= DATASET RECORDS =

· · · · ·

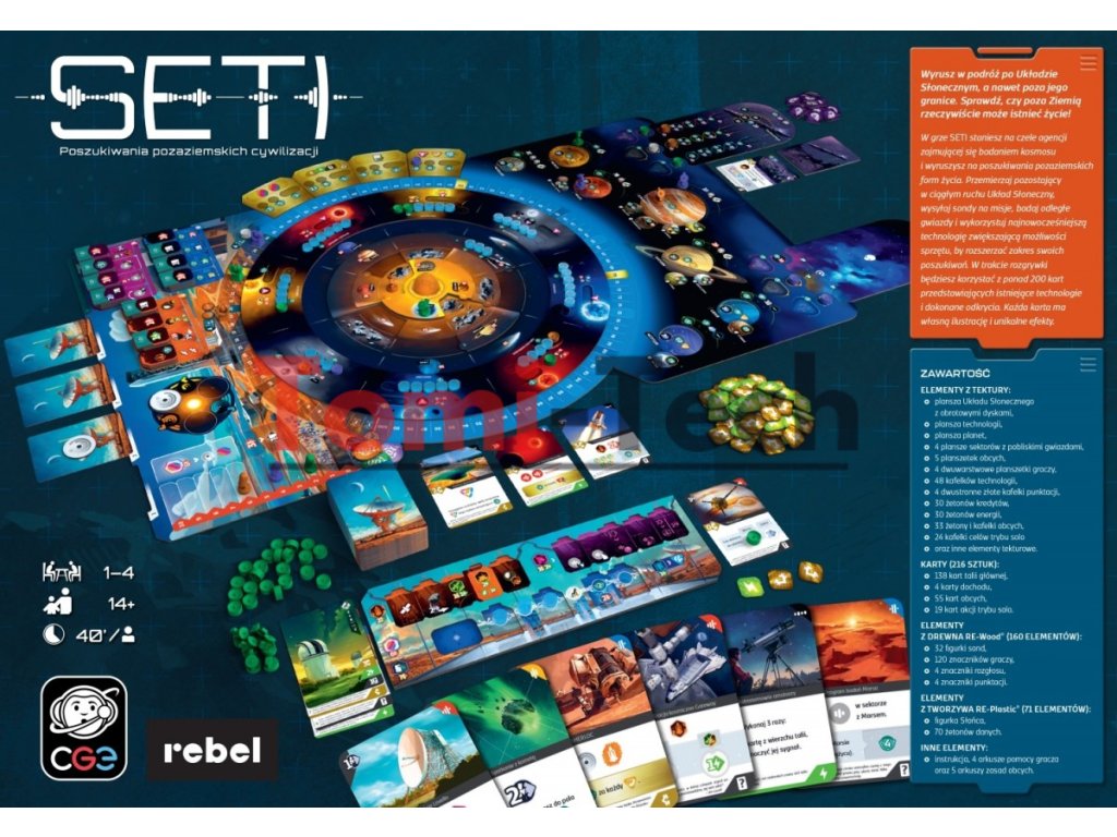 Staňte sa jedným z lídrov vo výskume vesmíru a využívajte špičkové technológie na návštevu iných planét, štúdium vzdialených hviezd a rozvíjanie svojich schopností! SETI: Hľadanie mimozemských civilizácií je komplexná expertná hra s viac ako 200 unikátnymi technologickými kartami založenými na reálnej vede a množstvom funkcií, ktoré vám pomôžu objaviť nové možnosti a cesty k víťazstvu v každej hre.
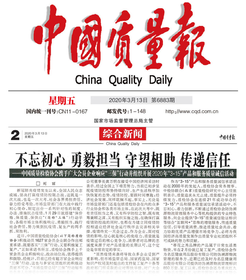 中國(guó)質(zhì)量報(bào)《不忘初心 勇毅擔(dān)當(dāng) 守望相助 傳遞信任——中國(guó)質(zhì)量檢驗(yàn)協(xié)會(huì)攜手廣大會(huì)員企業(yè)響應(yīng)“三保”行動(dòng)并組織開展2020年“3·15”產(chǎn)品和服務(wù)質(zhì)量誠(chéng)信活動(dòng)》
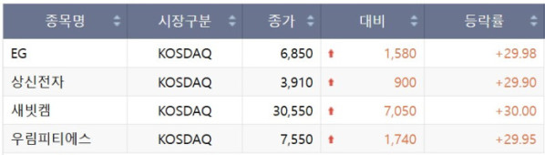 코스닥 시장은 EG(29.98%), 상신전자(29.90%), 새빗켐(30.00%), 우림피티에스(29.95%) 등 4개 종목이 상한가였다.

· · · · ·

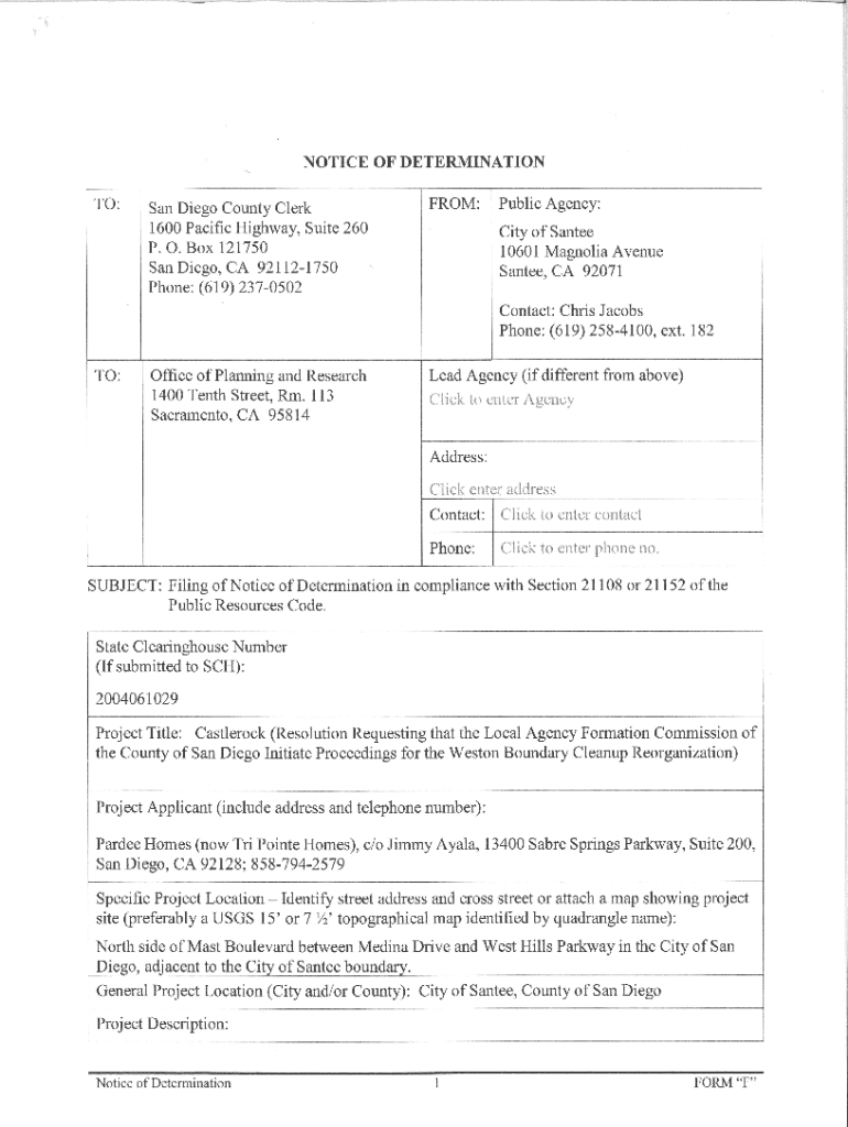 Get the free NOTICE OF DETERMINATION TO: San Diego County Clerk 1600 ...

· · · · ·

= TASK TO COMPLETE =
The line holding "中國(guó)質(zhì)量報(bào)《不忘初心 勇毅擔(dān)當(dāng) 守望相助" starts the copy and the line holding "코스닥 시장은 EG(29.98%), 상신전자(29.90%), 새빗켐(30.00%), 우림피티에스(29.95%)" ends it. Repeat those two lines above and all between them exactly, leaving out pictures.

= WORKED SOLUTION =
 中國(guó)質(zhì)量報(bào)《不忘初心 勇毅擔(dān)當(dāng) 守望相助 傳遞信任——中國(guó)質(zhì)量檢驗(yàn)協(xié)會(huì)攜手廣大會(huì)員企業(yè)響應(yīng)“三保”行動(dòng)并組織開展2020年“3·15”產(chǎn)品和服務(wù)質(zhì)量誠(chéng)信活動(dòng)》
 코스닥 시장은 EG(29.98%), 상신전자(29.90%), 새빗켐(30.00%), 우림피티에스(29.95%) 등 4개 종목이 상한가였다.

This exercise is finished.